IslamicMMLU is a comprehensive benchmark comprising 10,013 multiple-choice questions designed to evaluate Large Language Models (LLMs) across three core Islamic disciplines: Quran, Hadith, and Fiqh (jurisprudence). The study evaluates 26 models, with Gemini 3 Flash achieving a state-of-the-art (SOTA) average accuracy of 93.8% while revealing significant performance gaps across different model architectures and specializations.

TL;DR

The IslamicMMLU benchmark introduces 10,013 questions to stress-test LLMs on the Quran, Hadith, and Fiqh. While frontier models like Gemini 3 Flash achieve nearly 94% accuracy, the study uncovers a fascinating "intra-tradition" bias: models often lean toward specific Islamic schools of thought (Madhahib) without being prompted to do so. This work moves beyond simple "Arabic language" benchmarks to evaluate deep theological reasoning.

The "Pluralism Problem" in AI Evaluation

Most AI benchmarks operate on a binary truth value: an answer is either right or wrong.
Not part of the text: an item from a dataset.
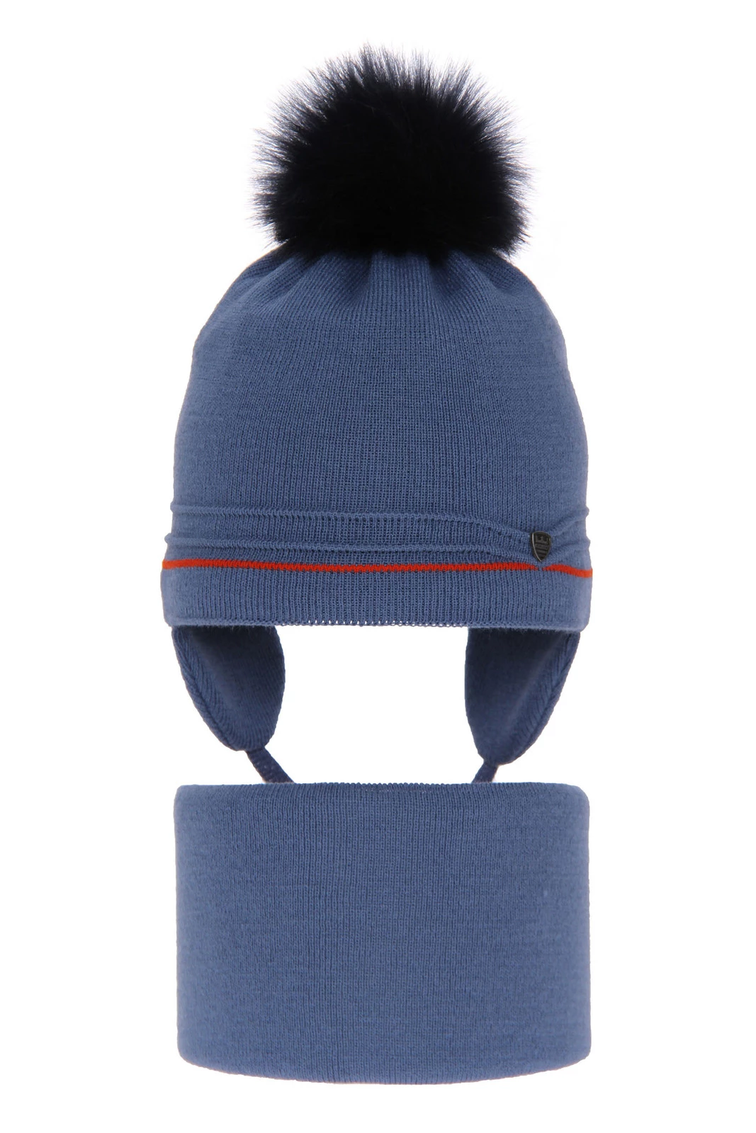 Komplet zimní chlapecký: čepice a tunel modrý s bambulí Burgund

However, in Islamic Jurisprudence (Fiqh), an act might be "Recommended" in the Maliki school but "Obligatory" in the Hanbali school. Traditional evaluation metrics would penalize an LLM for providing a Maliki answer if the ground truth was Hanbali, even though both are valid.

The authors argue that this gap leads to religious misinformation. If a user follows a specific school but the AI defaults to another, the AI is effectively "rewriting" the user's religious practice.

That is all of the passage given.